If you want to shop HP online,* forget *going  to HP dot com and instead follow my link to their  business   subdomain because you will not find it otherwise. Well, you would  eventually, but, you know. It's a pain in the ass.   You want  shopping1.hp.com, not www, not anything else. This subdomain is their  business stuff.  Anything that you get from shopping1 will be pretty  damn sweet, and anything you get from HP's other subdomains can go to  hell with the other shitty HP products that are total, plastic,  breakable shit with really stupid tech support and bad, bad  craftsmanship.  

I  put together you an i5 processor with a 1366 x 768, 15.6" screen (they  also come in 1600 x 900 for 50 dollars more), Windows 7 Professional  64bit, an NVIDIA FX 340M (this is not a fantastic graphics card but  since you're not doing 3D you don't need your computer to be a slave to  matrix multiplications so, this is just fine, unless you want to go play  video games with your graphics settings set to "fuck everything let's  do this"), 500 GB hard drive (I've never actually filled up more than  this in my life but I don't know about you), and a wireless LAN that  will pick up a signal off of a spider's ass in Argentina if my older one  is any indication of its quality, since I used to steal internet from  across a god damned shopping center on mine. Plus a 3-year accidental  damage warranty, and this came out to just under $2,500.  It was really  $2,330 but, tax, shipping, etc.  You can dicker with the options right  here.  BUY IT, DO IT NOW.

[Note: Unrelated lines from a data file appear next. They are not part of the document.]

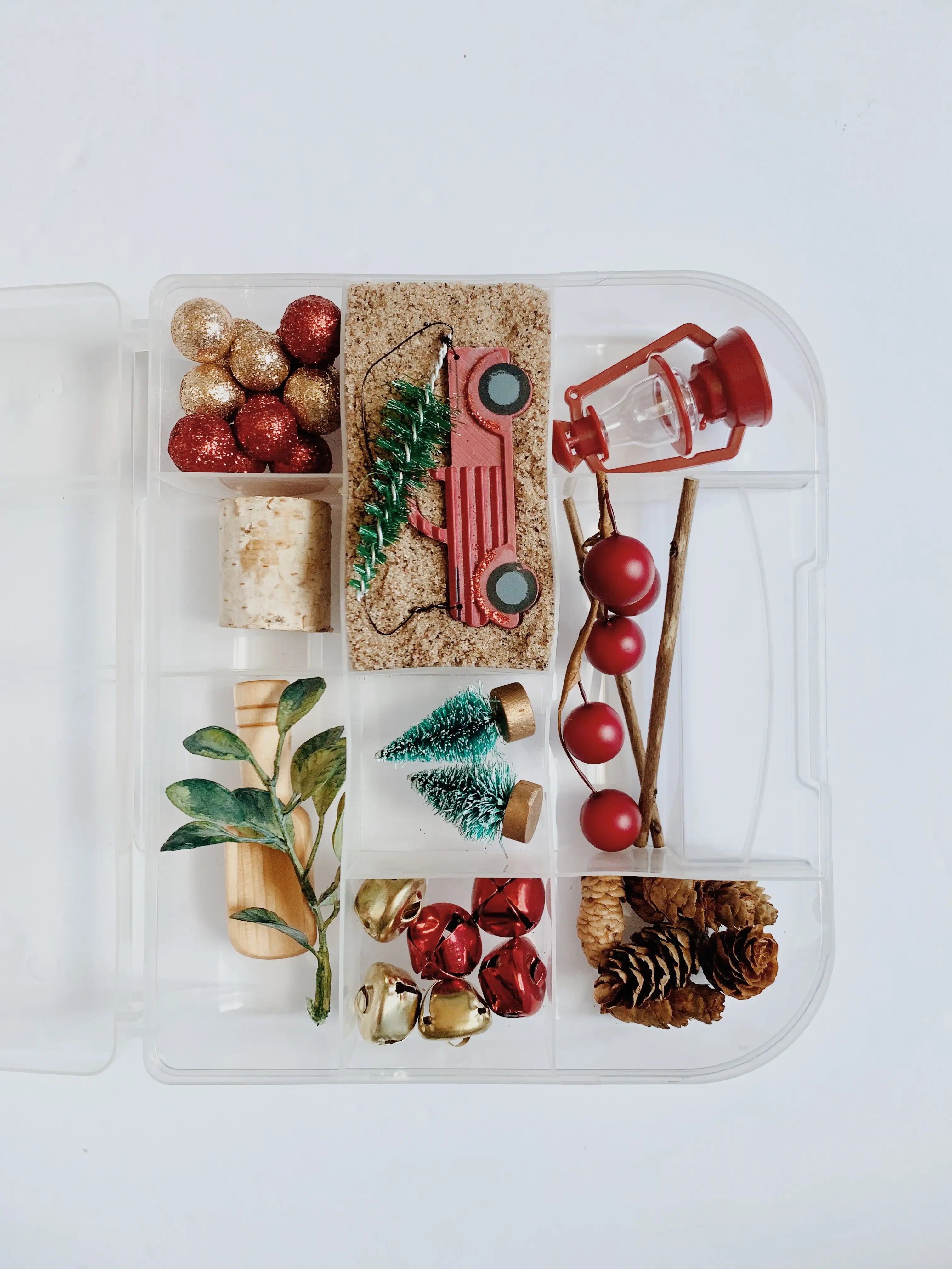 This kit includes - 6oz of kinetic sand - Miniature seasonal trees - Sleigh bells - Pinecones - Miniature lantern - Wood log - Glitter balls - Miniature farm truck -Wood sticks - Wooden scoop - Twig of berries This kit is not intended for children under 3 years of age due to small pieces and choking hazards. Adult supervision is always recommended!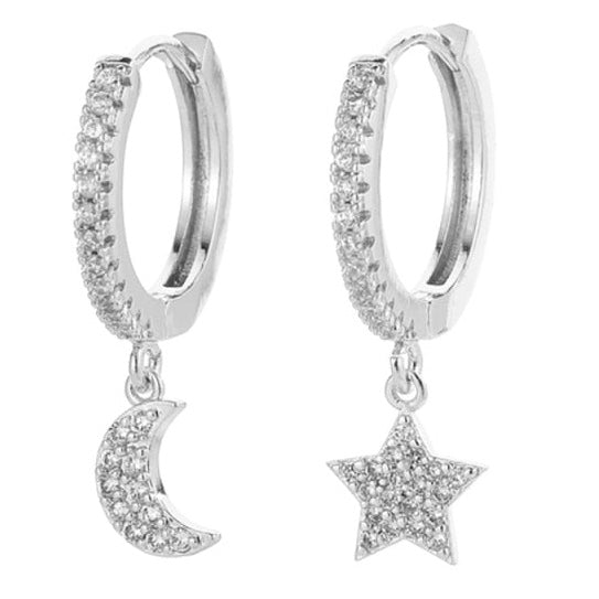 Mini Huggie Hoops Dangle Earrings Star and Moon Gold or Silver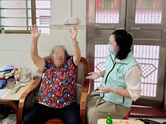 工作人员协助罗伯进行肢体锻炼 通过社区的宣传,英姨申请了居家养老服务。东城居家养老服务中心为英姨定制了每周两次、每次两小时的喘息服务。每逢周一、周四的早上,是英姨的“脱岗”时间,护工阿连都会准时上门服务。在这两个小时里,她不仅为罗伯提供专业护理,还会进行康复训练、居家清洁和情感交流。 “伯伯,我们现在先冲凉好不好?”阿连一边轻声询问,一边利落地准备好洗浴物品。洗浴完后,她熟练地为罗伯测量血压、进行肌肉按摩和肢体训练,保持肌肉功能。护理好罗伯之后,阿连开始井井有条地为他整理床铺、洗晾衣物和打扫居室;天气好的时候,还会推着轮椅带罗伯去花园晒太阳、聊聊天。 “自从有阿连来服务,我可以透啖气了。阿连服务专业有经验、对老人有耐心,帮他理发、换床铺、冲凉,甚至推他出去散心;我腰不好,这些事都做不来,我很放心交给她。”每周4小时的支援,给了英姨喘息的空间,减轻了她的照护压力。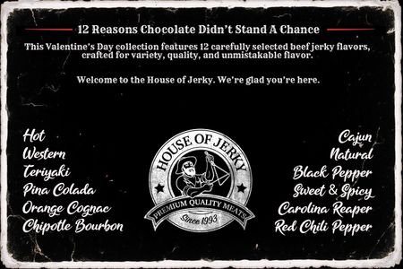 This Valentine’s Day, gift something bold. The House of Jerky Love at First Bite Gift Box is packed with 12 premium jerky flavors, curated for people who like their snacks rich, savory, and worth slowing down for.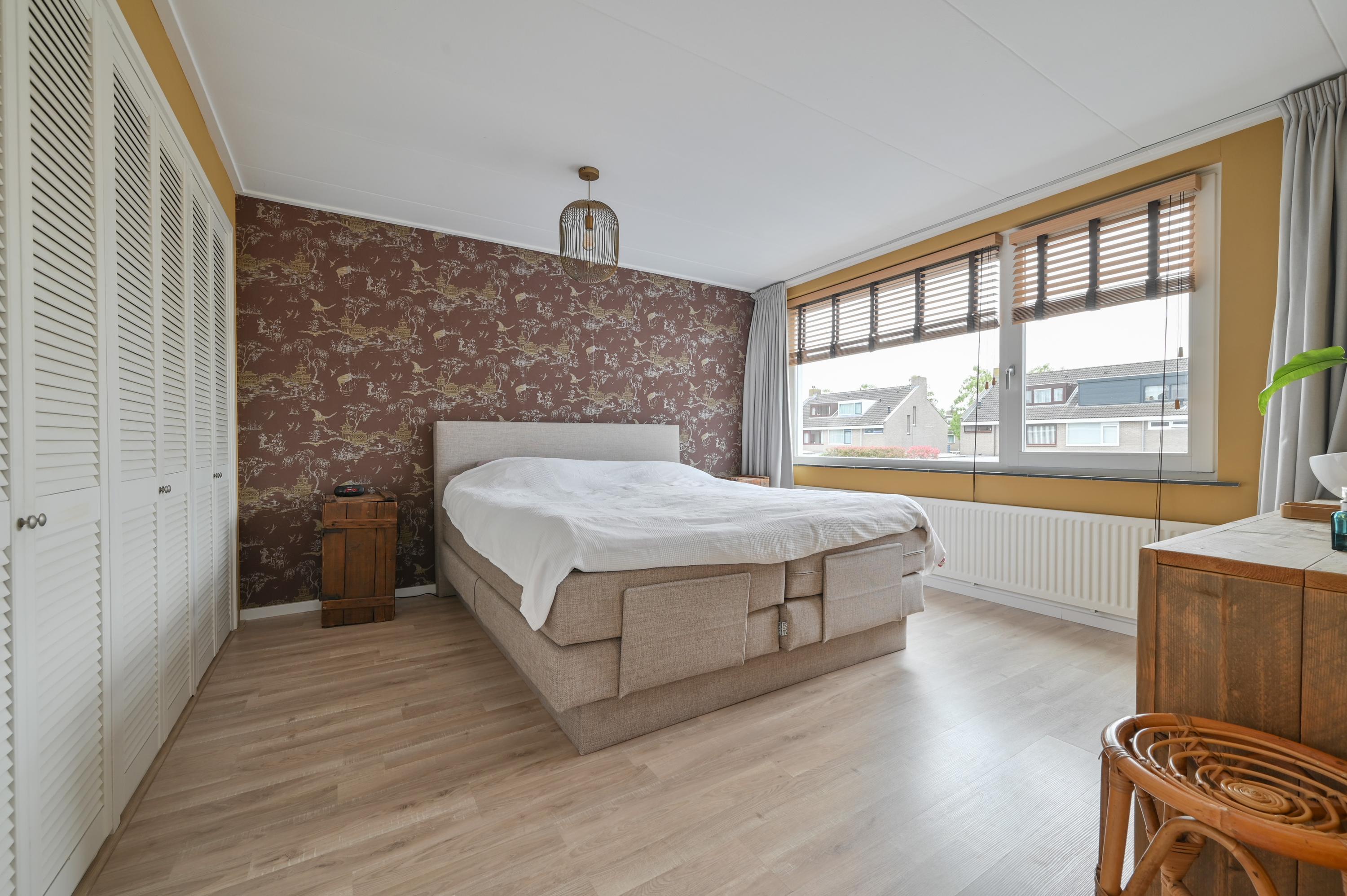 At the rear is a generous bedroom with a full-length built-in wardrobe. An extra insulated wall towards the adjacent room ensures peace and privacy, making this a comfortable and quiet master bedroom.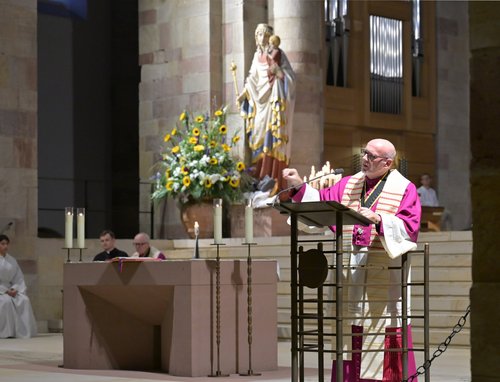 Speyer. „Mit Maria ist für unser Glaube und für unser Glaubenszeugnis ein großes Hoffnungszeichen mitgegeben. In allen Fragen, in allen Zweifeln, in allen Krisen“, sagte Generalvikar Markus Magin bei seiner Predigt in der Marienfeier am Abend des Festes Mariä Himmelfahrt im Dom zu Speyer.

It won't be an IPS screen, unfortunately.  It will, howevre, be a matte LCD-LED with like a 80 degree viewing angle (total, so if you're looking at it 40 degrees from the vertical or more it will start to reverse the image).  Honestly, that's not so bad. And you will be able to tilt the lid of the laptop back past 180 degrees which is scandalous because that way you can adjust the laptop, not yourself or your environment, so that you can see it poifectly.


----------



## Arshes Nei (Jun 23, 2013)

I'm so glad I never pay that much for a laptop.


----------



## kitsunekoneko (Jun 23, 2013)

Woaahhh, I love you dude! Finally I can see HP actually putting their shit to use. _This_ is quality. I'm actually really excited.
Unfortunately, let's not forget, my dad is the one buying this thing - I'm just a poor student with nothing to spend. I do have job(s) but they're very loose and internet-based (I barely even consider commissioning a job, and then the other thing is a webmaster occupation for a site that barely anyone even knows about, so). I'm going to try to get a job on campus too, but even that wouldn't prepare me for this.
If I actually had money, though, I'd seriously buy this thing right now. I'm about to puke rainbows, dude.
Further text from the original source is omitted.